Title: Operator theory on noncommutative varieties
Authors: Gelu Popescu
Issue: Volume 55 (2006), Issue 2, 389-442
Abstract: We develop a dilation theory on noncommutative varieties determined by row contractions $T := [T_1, \ldots, T_n]$ subject to constraints such as $$p(T_1, \ldots, T_n) = 0, \quad p \in \mathcal{P},$$ where $\mathcal{P}$ is a set of noncommutative polynomials. The model $n$-tuple is the universal row contraction $[B_1, \ldots, B_n]$ satisfying the same constraints as $T$, which turns out to be, in a certain sense, the \emph{maximal constrained piece} of the $n$-tuple $[S_1, \ldots, S_n]$ of left creation operators on the full Fock space on $n$ generators. The theory is based on a class of \emph{constrained Poisson kernels} associated with $T$ and representations of the $C^*$-algebra generated by $B_1, \ldots, B_n$ and the identity. Under natural conditions on the constraints we have uniqueness for the minimal dilation.\par A characteristic function $\Theta_T$ is associated with any (constrained) row contraction $T$ and it is proved that $$I - \Theta_T \Theta_T^* = K_T K_T^*,$$ where $K_T$ is the (constrained) Poisson kernel of $T$. Consequently, for \emph{pure constrained} row contractions, we show that the characteristic function is a complete unitary invariant and provide a model.
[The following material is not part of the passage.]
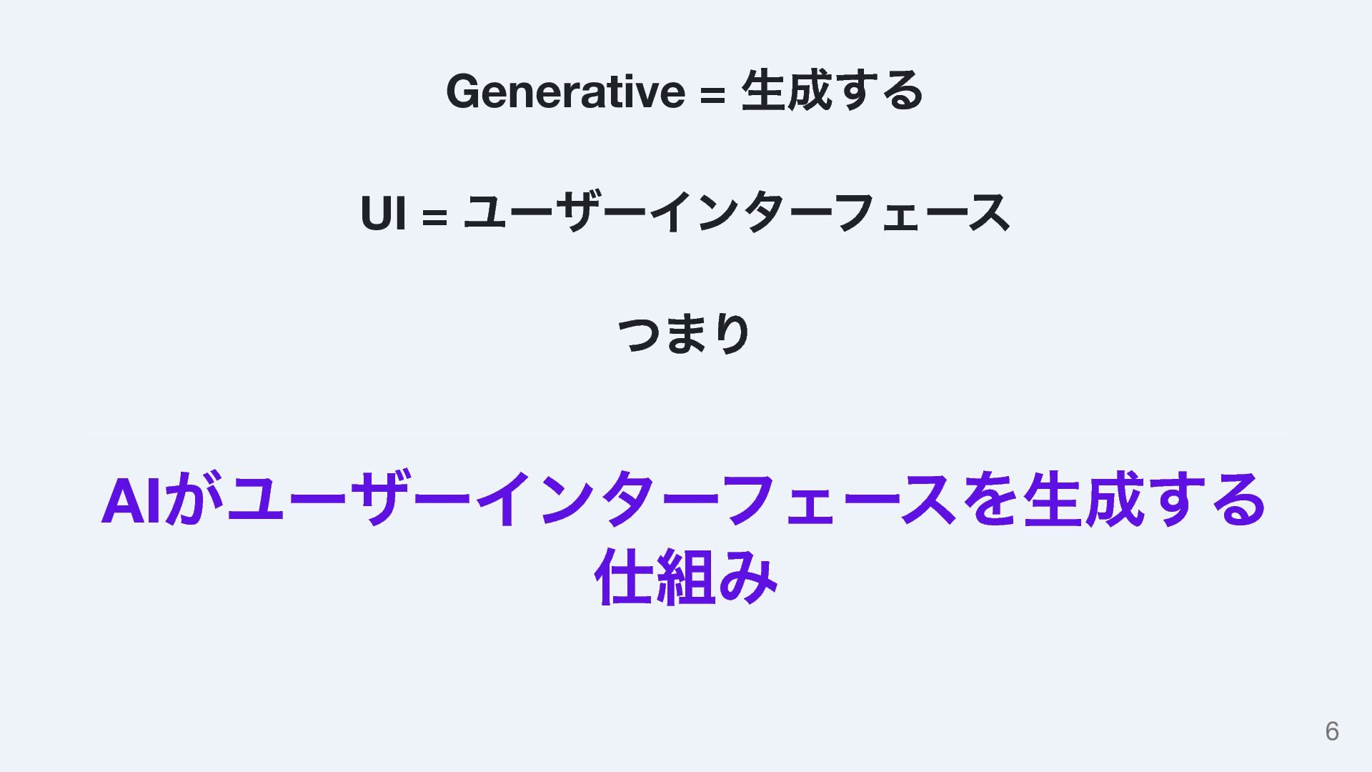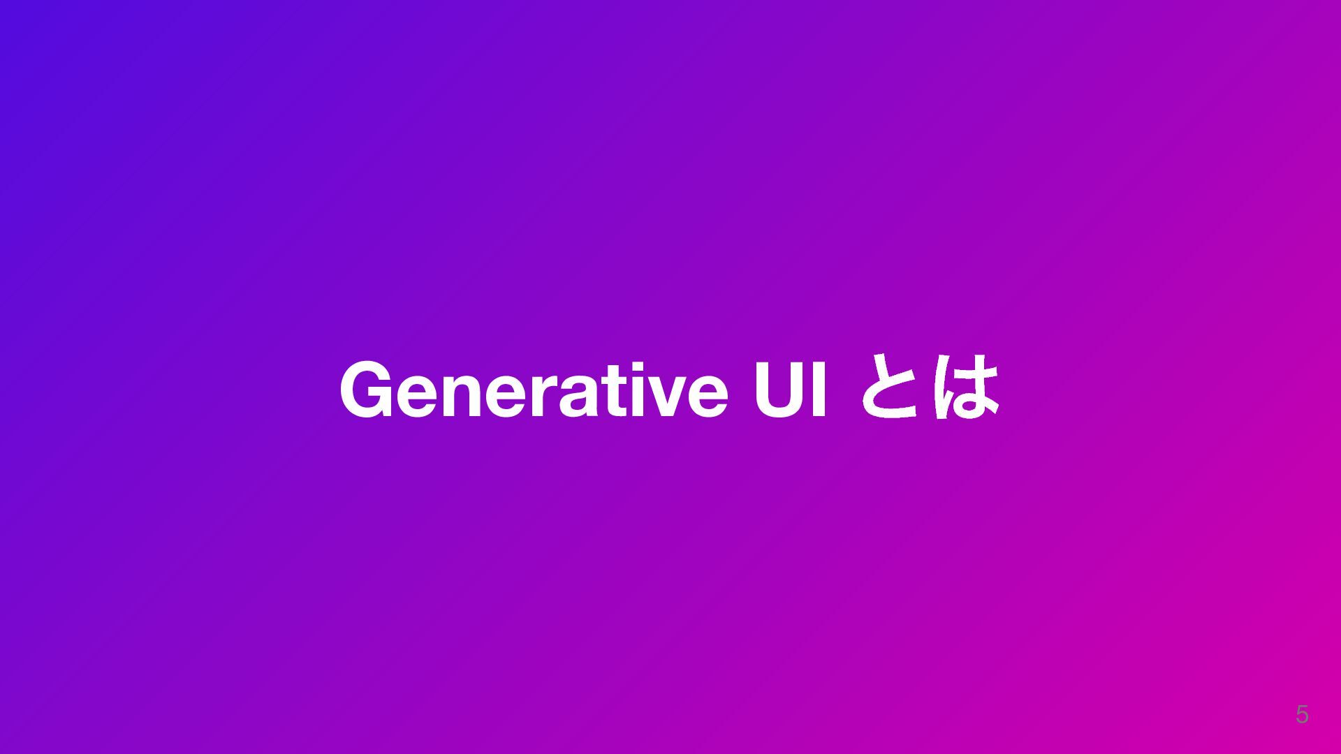 Generative = 生成する UI = ユーザーインターフェース つまり AI がユーザーインターフェースを生成する 仕組み

We show that the curvature invariant and Euler characteristic asssociated with a Hilbert module generated by an arbitrary (resp.~commuting) row contraction $T$ can be expressed only in terms of the (resp.~constrained) characteristic function of $T$.\par We provide a commutant lifting theorem for pure constrained row contractions and obtain a Nevanlinna-Pick interpolation result in our setting.